ACTION ITEM
In this exercise, print only the lines of the records below from the one with "Bölgede yangın nedeniyle" through the one with "Leve ao fogo", inclusive. Pictures are not part of the copy.

INFORMATION PROVIDED
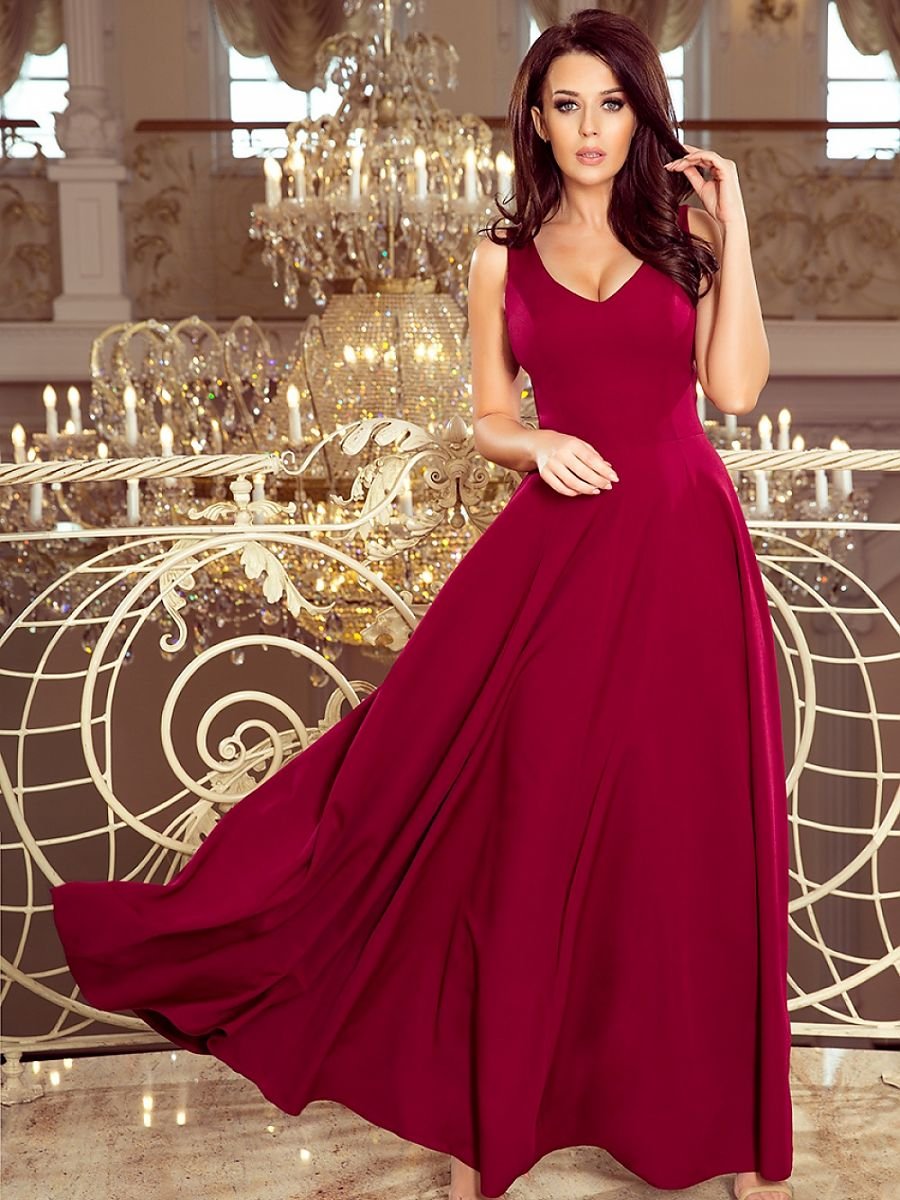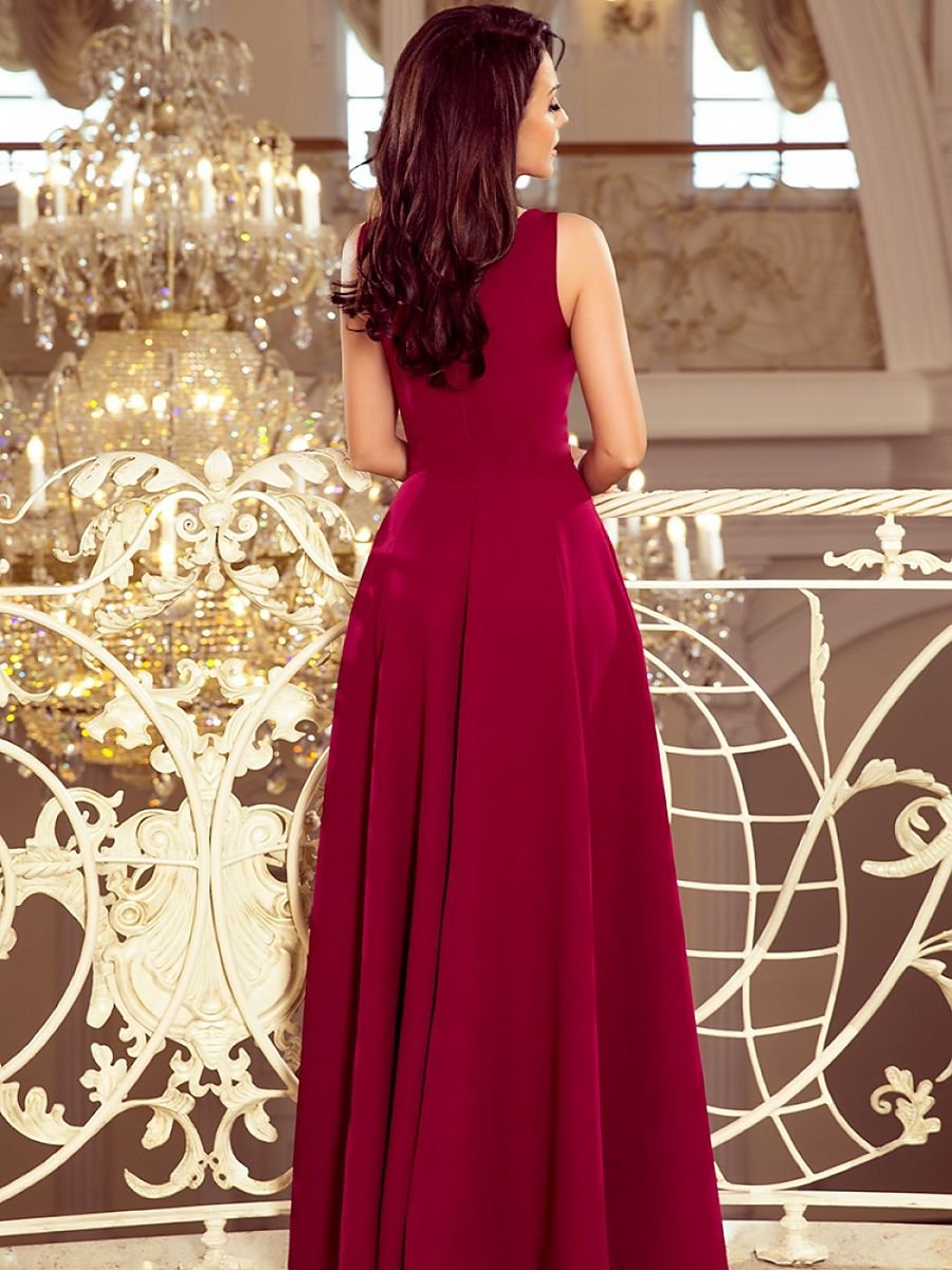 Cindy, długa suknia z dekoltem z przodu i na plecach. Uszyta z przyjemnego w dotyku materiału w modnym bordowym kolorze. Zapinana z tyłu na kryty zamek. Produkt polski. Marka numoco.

--

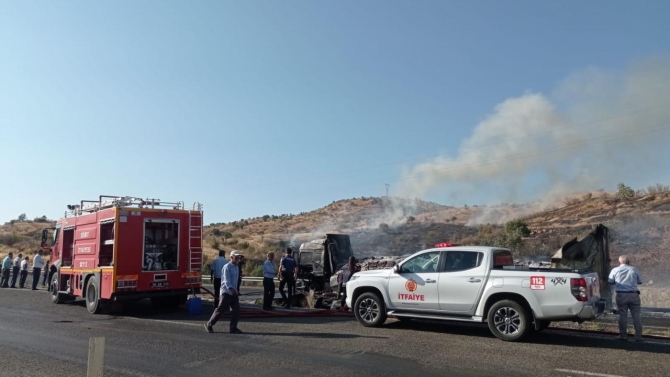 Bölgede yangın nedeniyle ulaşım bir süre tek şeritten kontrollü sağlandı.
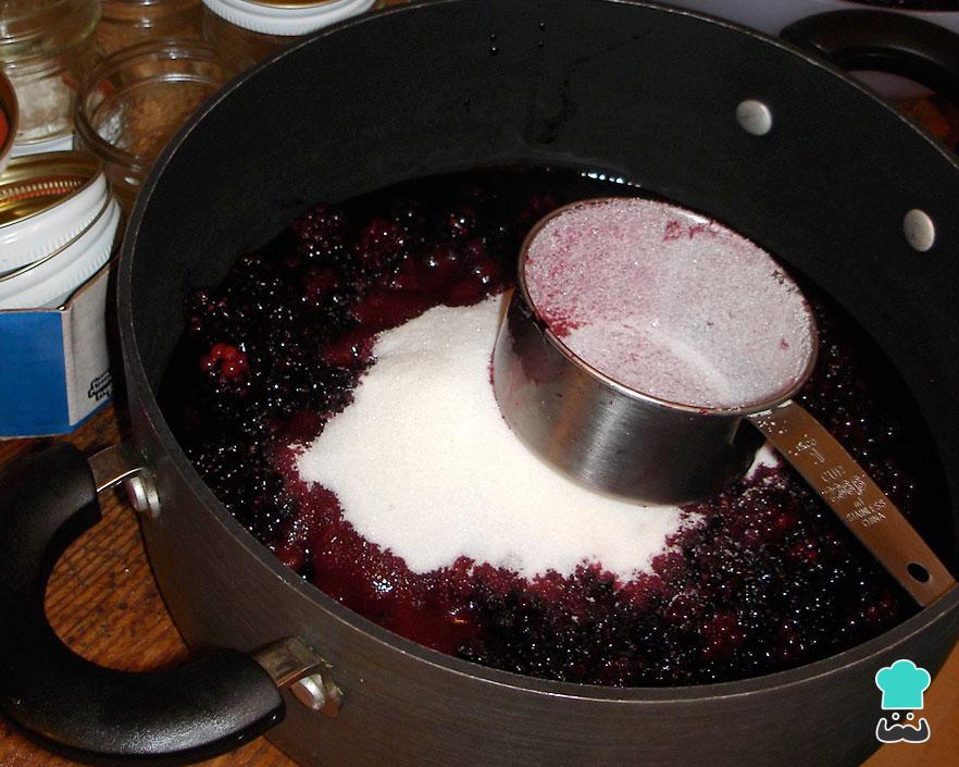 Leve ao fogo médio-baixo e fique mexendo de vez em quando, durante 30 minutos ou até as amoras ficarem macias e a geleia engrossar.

SOLUTION FOR THIS PROBLEM
 Bölgede yangın nedeniyle ulaşım bir süre tek şeritten kontrollü sağlandı.
 Leve ao fogo médio-baixo e fique mexendo de vez em quando, durante 30 minutos ou até as amoras ficarem macias e a geleia engrossar.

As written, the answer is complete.